All analyses were performed under a `umask 0002` setting to ensure group‑readable output files.

### Data Processing Pipeline  

#### FastQC Quality Assessment  
The FastQC application (`QC/FastQC/0.12.1`) was invoked through the NGSEQ wrapper **EzAppFastqc**. The R script executed the following steps:

1. **Input parsing** – the manifest file supplied the absolute paths to the raw FASTQ files for the six samples.  
2. **FastQC execution** – each FASTQ file was processed individually with default FastQC parameters; the `showNativeReports` flag was disabled (`false`) to suppress interactive HTML generation for each sample.  
3. **Result aggregation** – FastQC output directories for all samples were copied to  

```
p1001/Fastqc_2025-11-25--15-07-30/FastQC
```  

#### MultiQC Summary  
After per‑sample FastQC runs, the **MultiQC** tool (version bundled with the FastQC module) was used to collate all FastQC reports into a single interactive HTML document. The aggregated report was stored at  

```
p1001/Fastqc_2025-11-25--15-07-30/multi_FastQC/multiqc_report.html
```  

The MultiQC directory was synchronized to the permanent project storage area using `rsync`.

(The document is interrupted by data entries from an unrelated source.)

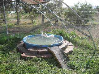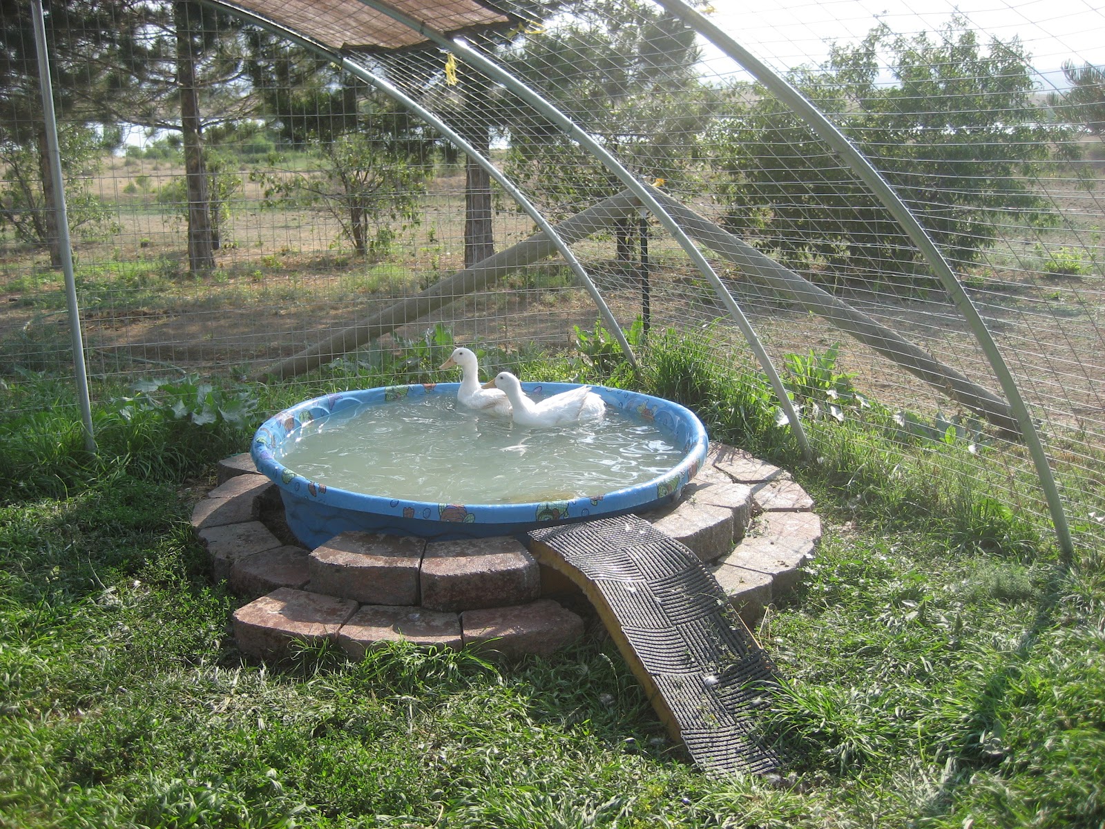 When we let them out with the others, the first thing they did was find the pool. One of them got in pretty quickly, but it took a while for the other to figure out how to get in. We’ve tagged the new ducks with red and yellow leg bands, to fit in with our color scheme.
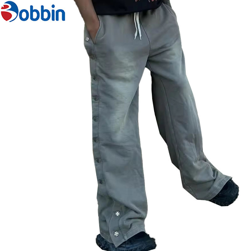 กางเกงวอร์มผู้ชายสไตล์วินเทจผ้าเทอร์รี่คอตตอนจาก BOBBIN INDUSTRIES ทรงขาบานแบบมีกระดุมด้านข้าง ล้างสีแบบ Acid Wash รับสกรีนโลโก้ตามสั่ง
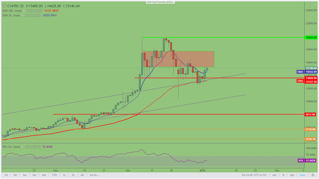 At last, its cleared that Bitcoin is still in downtrend and recent upmoves are just a wave on upside in downtrend or correction. Trader should grab the opportunity to short Bitcoin at resistance zone and buy at support of 50 days ema. Investors should really wait for clear breakout over resistance zone because if support gets violated than Bitcoin can drop till 8k mark, so its really not wise to jump before gun.
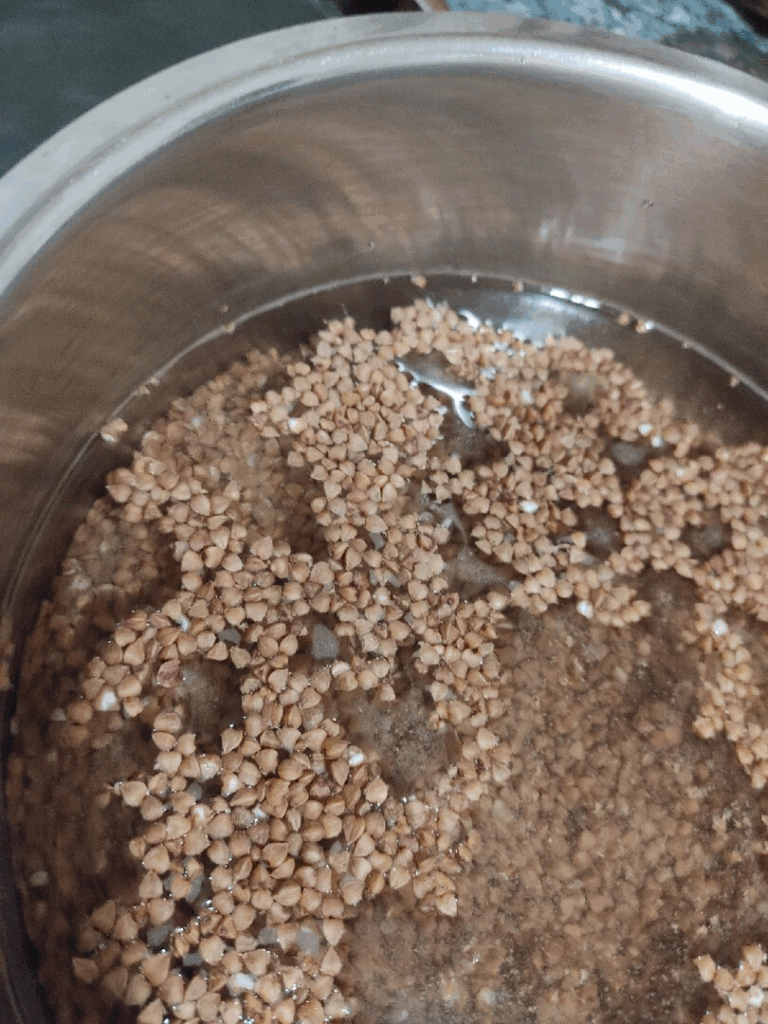 Для начала стоит отварить гречку. На 350 граммов крупы потребуется один литр воды. Гречку нужно тщательно промыть, после чего отправить вариться до готовности.
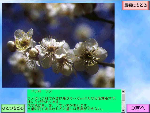 また,この植物図鑑をCDロムに収め学校に記念品として残し,個人としても持ち帰りができる卒業製作とすることとし,計画を進めた。その際,パソコンがない家庭でも利用できるよう,校内音楽会での合唱・合奏・校歌を,同じCDロムに収めCDラジカセ等でも聴けるようにした。
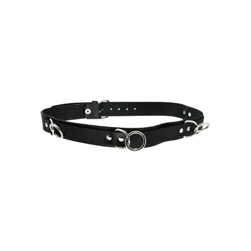 Leren bondageriem met 4 stevige metalen D-ringen waaraan een O-ring bevestigd is. Met de sluiting dmv een gesp op de rug. Er zijn 2 ringen aan de voorkant bevestigd en 2 aan de zijkanten. Alle ruimte dus om er touwen of kettingen aan vast te maken. Breedte riem : 3.5 cm Minimale omtrek : 77 cm. Maximale omtrek : 96 cm
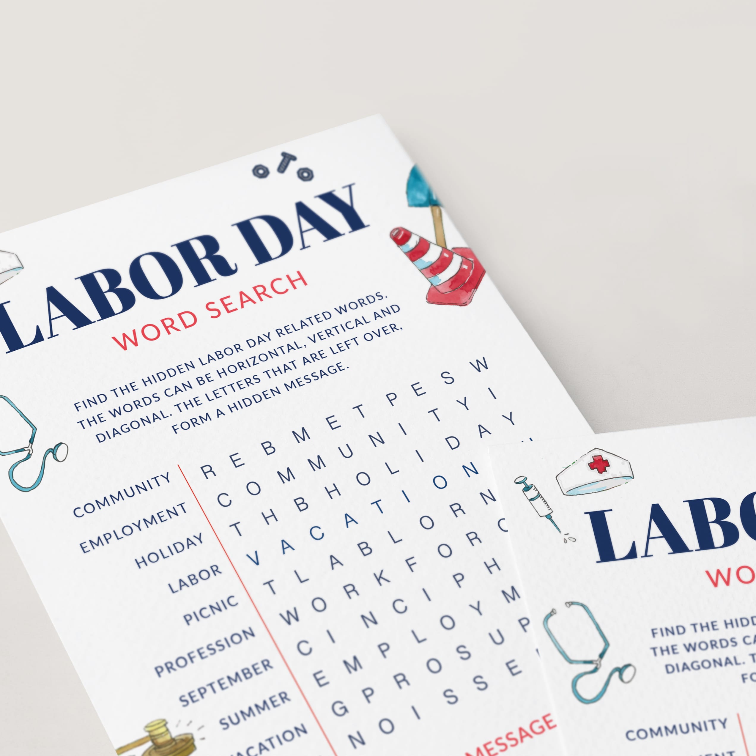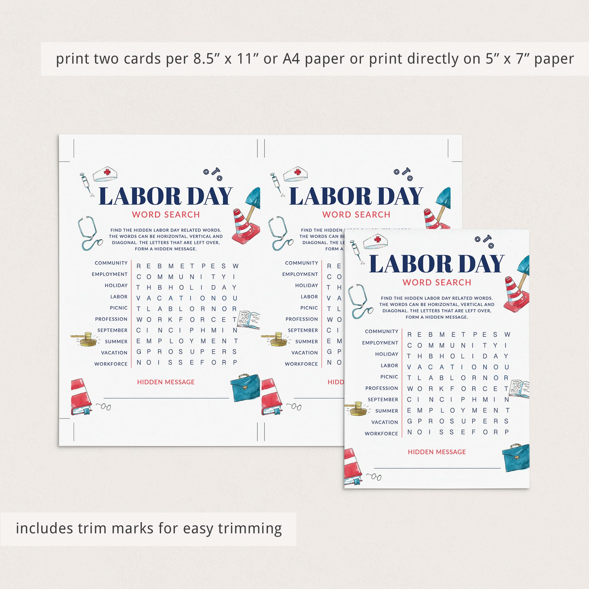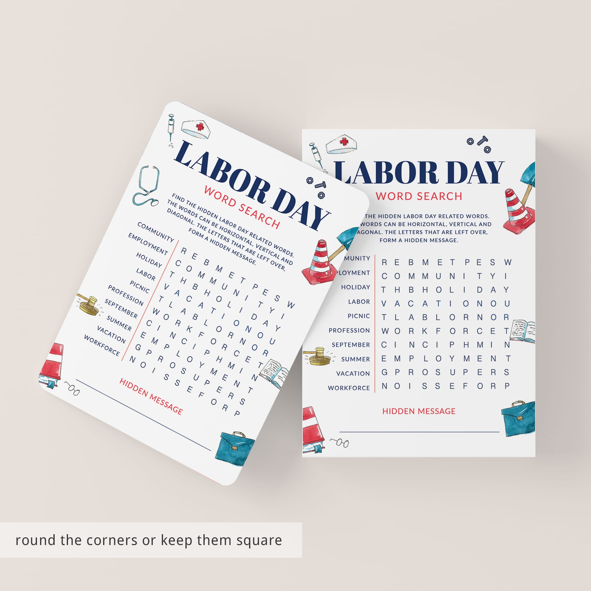Let everyone search for all Labor Day related words that are listed on fun game cards. The words can be found horizontally, vertically and diagonally.

### Quality Control Measures  

- **Per‑sample diagnostics** – FastQC provided standard metrics (per‑base quality scores, GC content, sequence duplication levels, over‑represented sequences, and adapter content).  
- **Global overview** – MultiQC summarized these metrics across the six libraries, enabling rapid identification of outlier samples or systematic biases.  
- **Reproducibility** – All command‑line invocations, module versions, and R parameters were captured in the job script and the R environment (`EZ_GLOBAL_VARIABLES.txt`). The temporary scratch directory (`/scratch/Fastqc_2025-11-25--15-07-30_temp$$`) was removed after successful completion to prevent data leakage.

### Data Availability  

The final FastQC result folder (`FastQC`) and the MultiQC report (`multiqc_report.html`) are available in the project repository under  

```
/srv/GT/analysis/course_sushi/public/gstore/projects/p1001/Fastqc_2025-11-25--15-07-30/
```  

These files constitute the complete quality‑control dataset for the six RNA‑seq libraries and can be accessed for downstream analyses.